I hope I can accurately explain what I want to do.
1- There is a fixed excel file for example a.xls. Continuous data is added to the excel file every day. And with the data added every day, the number of records is progressing. (no deletions)
- But for example, there are newly added data today, a.xls data added
- Rule 1. If the previous reference column data comparison is made by providing repeated record control. No recurring entries
- Rule 2. Writing new data that does not repeat to a.xls file (without deleting the data in the current file)
2- Determining new data added to a.xls and writing to b.xls file that will be daily report (this file is updated every day. Old data is not kept)
an example of this would be great for me. And I hope I was able to tell you correctly.
Many thanks for every kind of opinion and help
Note: The sample workflow will be educational for me. It will be great
Try to do something with https://nodepit.com/node/org.knime.base.node.preproc.duplicates.DuplicateRowFilterNodeFactory
This node will tell you which rows are unique (b.xls, new data) and chosen (a.xls, old data) and duplicate (rows to delete),
I made a draft workflow. But all I need is to compare the new records with the archive file.
then just adding new records to the archive file and adding them to the daily report file
how can i just export new records?
The solution thus reads an archive file, where data is transferred every day. New incoming data is checked before being transferred to archive file and daily report file, and parsed. Finally, new unique records are transferred to both the archive file and the report file.

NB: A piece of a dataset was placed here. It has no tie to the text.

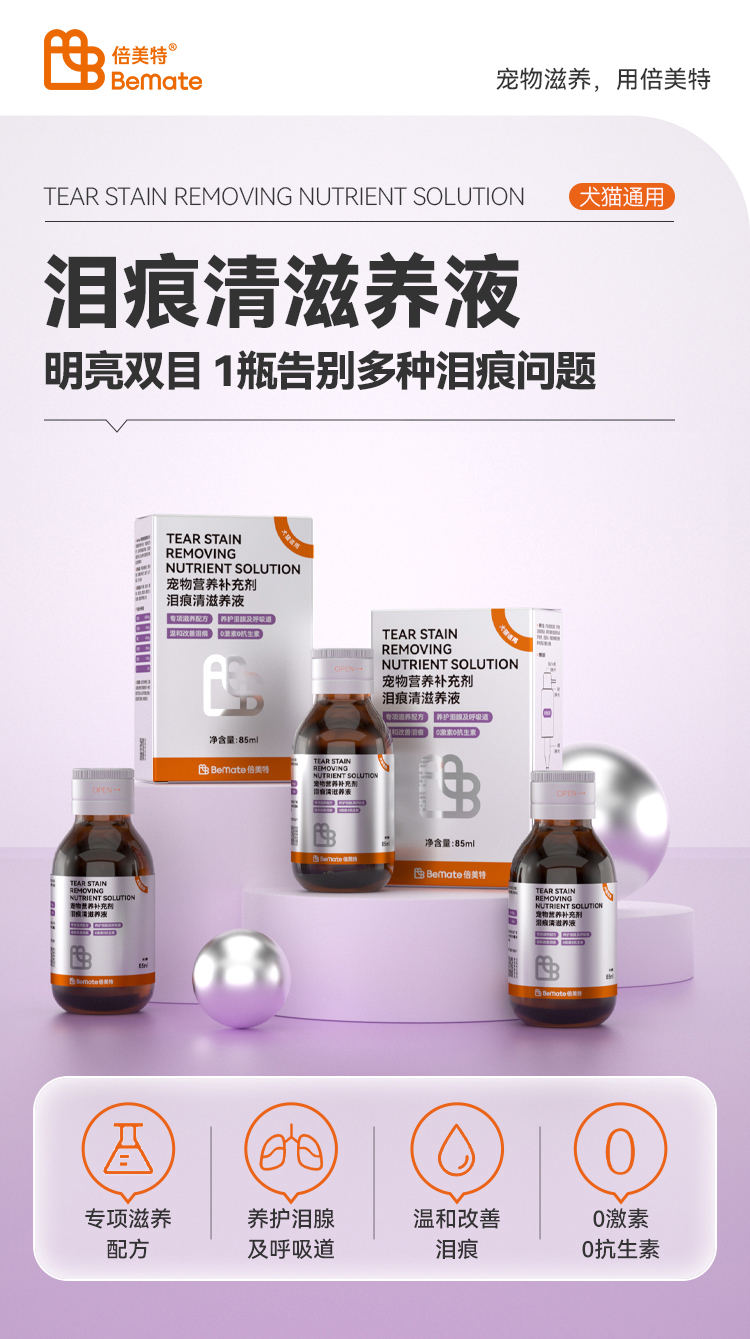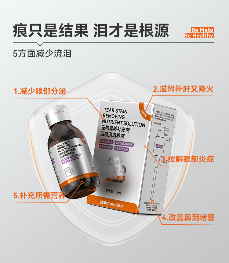 BeMate倍美特 泪痕清滋养液 85/瓶 养护泪腺及呼吸道 温和改善泪痕,原料组成:羧甲基纤维素钠、麦芽糖、奶粉、鸡水解膏、枸杞子、菟丝子女贞子、菊花、川芎、纯化水
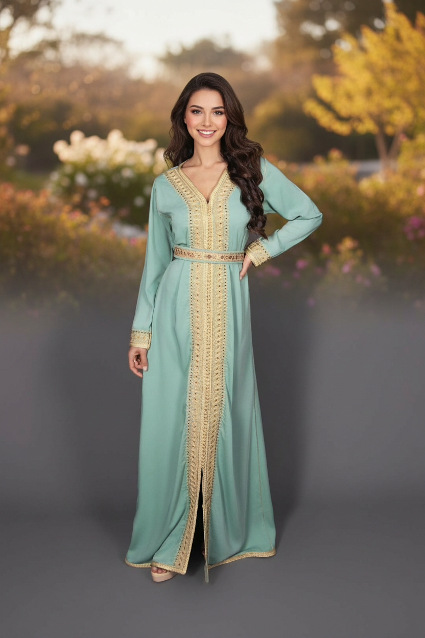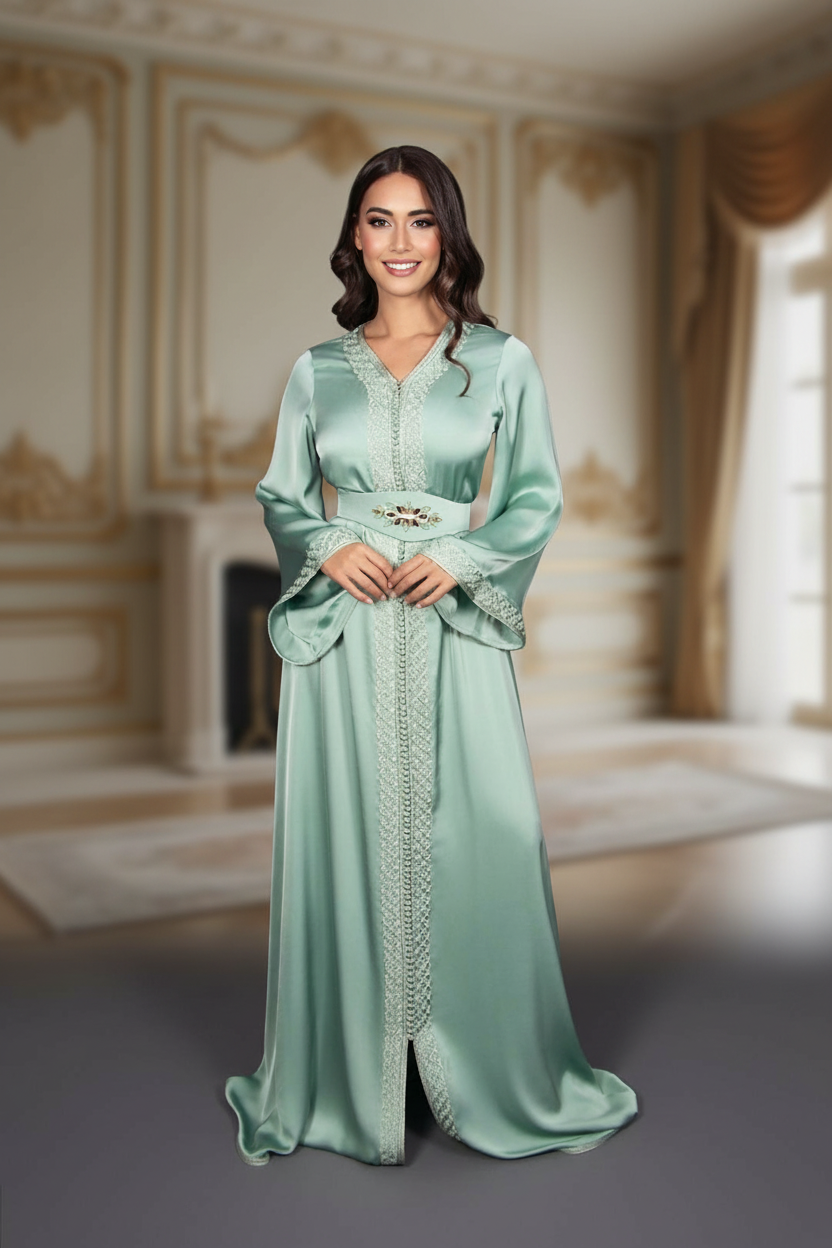 قفطان نسائي راقٍ باللون الأخضر النعناعي الهادئ، يتميز بتصميم أنيق وتطريز فاخر يضفي لمسة نعومة وفخامة على الإطلالة. مصنوع من قماش عالي الجودة بانسيابية مريحة، مثالي للأعراس، الخطوبات، والسهرات الراقية. اختيار مثالي لإطلالة أنثوية راقية تجمع بين البساطة والأناقة.

Concatenate the archive and new data use duplicate row filter which will find new data (node ads classification column)
Select “keep duplicate rows” and then filer unique
Update: I share the latest version of the workflow for those who are looking for a solution in a similar subject.
as a result ;
1- archive file is read. If there is a record to be added, it will be updated by adding it to the archive file. So excel new record is added. (does not actually add archive + new record = new archive. combines and rewrites by comparing)
2- New records that are not in the file of archive are compared with the url address and generate reports for new records.
This topic was automatically closed 7 days after the last reply. New replies are no longer allowed.